Q1: How to choose the right Workflow pattern? Is there a decision tree?

Anthropic's single most important principle in "Building Effective Agents": "Start simple." Decision tree:

What does your task need?
├── Fixed steps with dependencies?          → Prompt Chaining
├── Clear input categories?                 → Routing
├── Can be split into independent subtasks? → Parallelization
├── Unknown number/type of steps?           → Orchestrator-Workers
├── Clear quality criteria for iteration?   → Evaluator-Optimizer
└── None of the above?                      → Single Agent Loop (s01)

Key rule: If a single Agent Loop can complete the task in 3-5 tool calls, don't use any pattern. Every abstraction layer has costs — slower, more tokens, harder to debug.

Q2: When should the Evaluator-Optimizer loop stop?

Three stopping conditions (don't rely on just one):

  1. Quality met: score >= threshold (e.g., 8/10)
  2. Improvement stalled: Score unchanged for 2 consecutive rounds (±0.5 counts as stalled)
  3. Max rounds: Hard upper limit (typically 3-5 rounds)

Anthropic's research: Agents produce the largest improvements in the first 2-3 rounds, with diminishing returns after. Beyond 5 rounds almost never adds value.

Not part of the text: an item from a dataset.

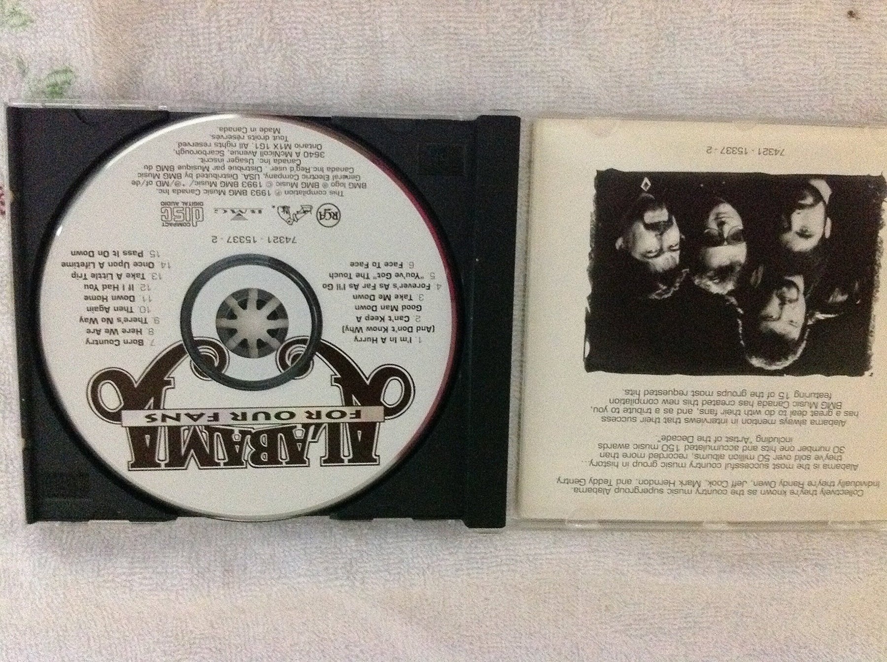 Details: CD release of ALABAMA For Our Fans from 1993. 15 tracks. Includes: 1. I'm In A Hurry (And Don't Know Why) 2:50 2. Can't Keep A Good Man Down 3:40 3. Take Me Down 4:57 4. Forever's As Far As I'll Go 3:35 5. You've Got The Touch 4:16 6. Face To Face 3:01 7. Born Country 3:18 8. Here We Are 2:51 9. There's No Way 4:13 10. Then Again 3:44 11. Down Home 3:28 12. If I Had You 3:34 13. Take A Little Trip 3:18 14. Once Upon A Lifetime 4:18 15. Pass It On Down 4:53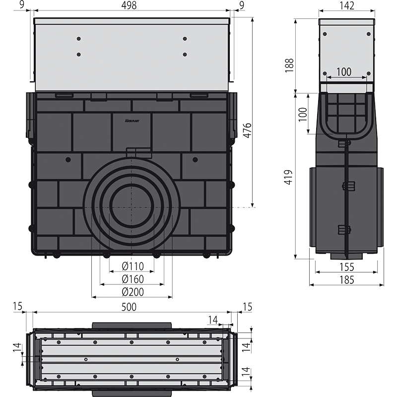 - Боковое подключение к канализационному стоку Ø110, 160, 200 мм

Q3: What are the practical uses of the Voting variant of Parallelization?

Voting addresses model non-determinism. The same prompt given to a model three times can produce three different answers. Practical uses:

  1. High-stakes judgment: "Does this code have a security vulnerability?" — 3 independent agents vote, 2/3 consensus confirms
  2. Structured extraction: Extract JSON from natural language — take majority-consistent fields from 3 extraction results
  3. Classification: User intent classification — majority voting is more accurate than single classification

Cost tradeoff: Voting multiplies API cost by N (voter count). Use only when error cost far exceeds API cost.

Q4: How do Prompt Chaining gates prevent error cascading?

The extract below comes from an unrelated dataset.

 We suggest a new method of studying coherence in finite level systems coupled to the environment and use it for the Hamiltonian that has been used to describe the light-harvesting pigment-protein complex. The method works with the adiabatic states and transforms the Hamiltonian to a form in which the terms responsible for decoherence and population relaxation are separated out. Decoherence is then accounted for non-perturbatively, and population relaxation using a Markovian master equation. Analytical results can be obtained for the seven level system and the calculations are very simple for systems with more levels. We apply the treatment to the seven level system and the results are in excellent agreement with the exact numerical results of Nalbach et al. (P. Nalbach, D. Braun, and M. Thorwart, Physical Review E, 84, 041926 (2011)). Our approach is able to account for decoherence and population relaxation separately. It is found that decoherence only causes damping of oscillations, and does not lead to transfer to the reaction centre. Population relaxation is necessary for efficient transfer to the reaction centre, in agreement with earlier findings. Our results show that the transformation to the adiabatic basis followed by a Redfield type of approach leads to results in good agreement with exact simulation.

Gates are circuit breakers in the chain. Without gates, Prompt Chaining is just a pipeline where errors amplify:

No gate:  Analyze(wrong) → Implement(based on wrong analysis) → Review(garbage in, garbage out)
Gate:     Analyze(wrong) → Gate: ❌ Incomplete detected → Halt, report to user

Gate implementations:

  • Rule gates: Check for required keywords, correct format
  • LLM gates: Another LLM call evaluates if intermediate result meets continuation criteria
  • Code gates: Run tests, lint, type checks — pass to continue

Best gates are cheap and fast. A regex format check is more efficient than another LLM call.

Q5: Why does Anthropic emphasize "start simple"? What are the costs of complex patterns?

Anthropic repeats this principle throughout their blog. Hidden costs of complex patterns:

Cost TypeImpact
Token costOrchestrator-Workers consumes 3-10× more tokens than single agent
LatencyMulti-hop flows add 1-3 seconds API latency per hop
Debug difficultyMulti-agent bugs require tracing cross-context data flows
FragilityLonger chains have higher probability of end-to-end failure
MaintenanceMore complex patterns = more code = harder to change

Correct approach: Start with a single Agent Loop, upgrade only when you can prove it's insufficient. Each upgrade should be a data-driven decision, not "it feels like it should be more complex."

Try It

cd learn-claude-code
python agents/s14_workflow_patterns.py

Recommended prompts:

  • "Analyze, implement, and review a Fibonacci function" — triggers Prompt Chaining
  • "Is this a math question or coding task: calculate the area of a circle" — triggers Routing
  • "Review this code for security, performance, and style" — triggers Parallelization
  • "Build a TODO app with CRUD operations" — triggers Orchestrator-Workers
  • "Write a sorting function and keep improving until optimal" — triggers Evaluator-Optimizer

References

  • Building Effective Agents — Anthropic, Dec 2025. The original definition of five orchestration patterns, emphasizing "start simple" and when each pattern applies. Core reference for s14.
  • Demystifying evals for AI agents — Anthropic, Jan 2026. Evaluator-Optimizer pattern applied to evaluation, including "Grade the outcome, not the path."
  • Agentic Coding Trends 2026 — Anthropic, Mar 2026. Industry paradigm shift from "manual coding" to "orchestrating agents."
  • Prompt Engineering Guide — Anthropic Docs. Foundations of Prompt Chaining and Routing, including classifier design and intermediate validation.